Take the lines below from the one with "Flotte haremsbukser med" through the one with "- Koty sprężynki: Z" and print only them, exactly. Don't print the pictures.

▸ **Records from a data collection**
╭──

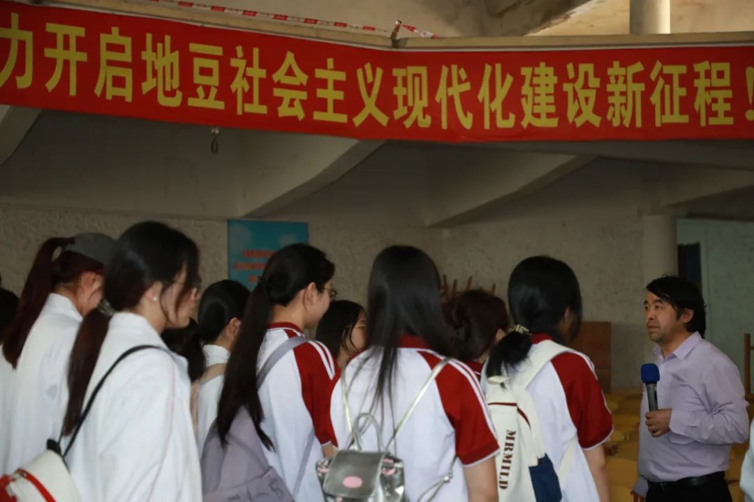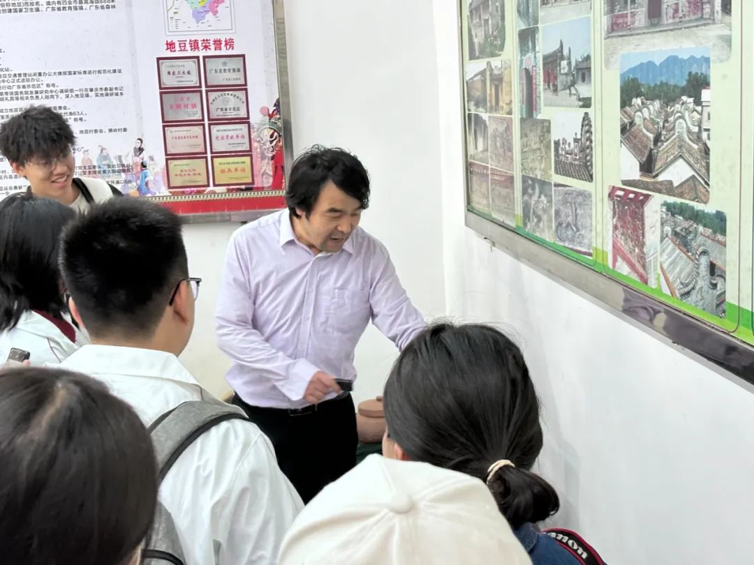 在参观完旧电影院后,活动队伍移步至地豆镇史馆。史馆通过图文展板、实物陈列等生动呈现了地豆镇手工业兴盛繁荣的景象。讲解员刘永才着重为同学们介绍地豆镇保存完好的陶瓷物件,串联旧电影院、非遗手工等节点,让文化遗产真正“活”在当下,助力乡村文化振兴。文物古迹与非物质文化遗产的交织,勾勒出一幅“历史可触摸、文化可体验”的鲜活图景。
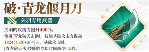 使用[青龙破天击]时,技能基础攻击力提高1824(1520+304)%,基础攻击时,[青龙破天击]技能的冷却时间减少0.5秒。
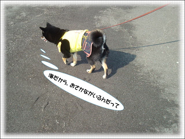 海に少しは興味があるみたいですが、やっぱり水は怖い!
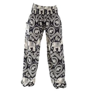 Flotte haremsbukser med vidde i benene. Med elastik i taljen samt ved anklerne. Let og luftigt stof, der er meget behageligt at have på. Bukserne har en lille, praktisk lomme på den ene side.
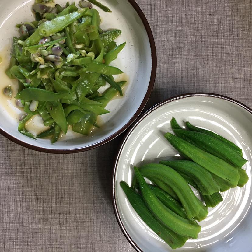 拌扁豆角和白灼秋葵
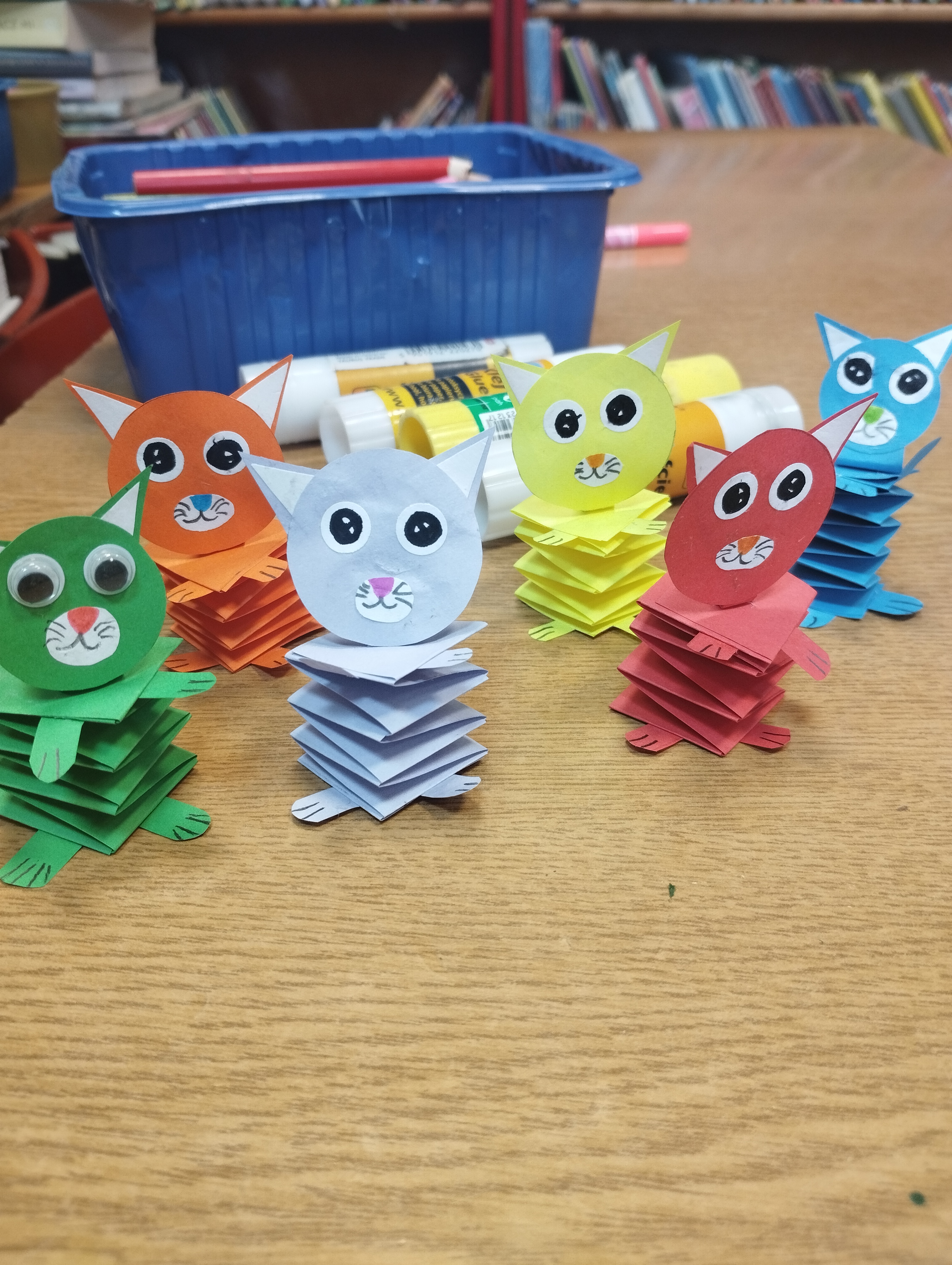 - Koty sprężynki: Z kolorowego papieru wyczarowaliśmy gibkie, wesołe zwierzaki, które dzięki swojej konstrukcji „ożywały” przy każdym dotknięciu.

╰──
╭──

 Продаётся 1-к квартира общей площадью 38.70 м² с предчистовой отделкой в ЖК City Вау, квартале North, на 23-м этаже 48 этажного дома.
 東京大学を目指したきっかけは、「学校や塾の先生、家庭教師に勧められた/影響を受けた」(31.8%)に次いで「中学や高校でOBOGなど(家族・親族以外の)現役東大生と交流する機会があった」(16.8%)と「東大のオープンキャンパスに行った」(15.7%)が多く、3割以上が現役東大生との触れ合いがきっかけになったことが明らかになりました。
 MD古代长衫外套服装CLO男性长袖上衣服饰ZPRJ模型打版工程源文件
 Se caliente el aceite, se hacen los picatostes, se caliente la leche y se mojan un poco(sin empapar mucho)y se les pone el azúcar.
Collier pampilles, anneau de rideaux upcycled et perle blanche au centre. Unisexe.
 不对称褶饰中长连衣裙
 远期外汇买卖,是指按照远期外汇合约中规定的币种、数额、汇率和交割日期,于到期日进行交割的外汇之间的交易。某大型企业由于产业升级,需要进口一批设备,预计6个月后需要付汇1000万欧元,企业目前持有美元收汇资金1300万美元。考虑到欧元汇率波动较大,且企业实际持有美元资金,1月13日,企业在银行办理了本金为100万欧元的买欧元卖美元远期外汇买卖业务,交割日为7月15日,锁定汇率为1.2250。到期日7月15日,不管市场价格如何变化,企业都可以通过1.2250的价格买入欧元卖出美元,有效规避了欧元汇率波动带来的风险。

╰──

▸ **Written solution**
 Flotte haremsbukser med vidde i benene. Med elastik i taljen samt ved anklerne. Let og luftigt stof, der er meget behageligt at have på. Bukserne har en lille, praktisk lomme på den ene side.
 拌扁豆角和白灼秋葵
 - Koty sprężynki: Z kolorowego papieru wyczarowaliśmy gibkie, wesołe zwierzaki, które dzięki swojej konstrukcji „ożywały” przy każdym dotknięciu.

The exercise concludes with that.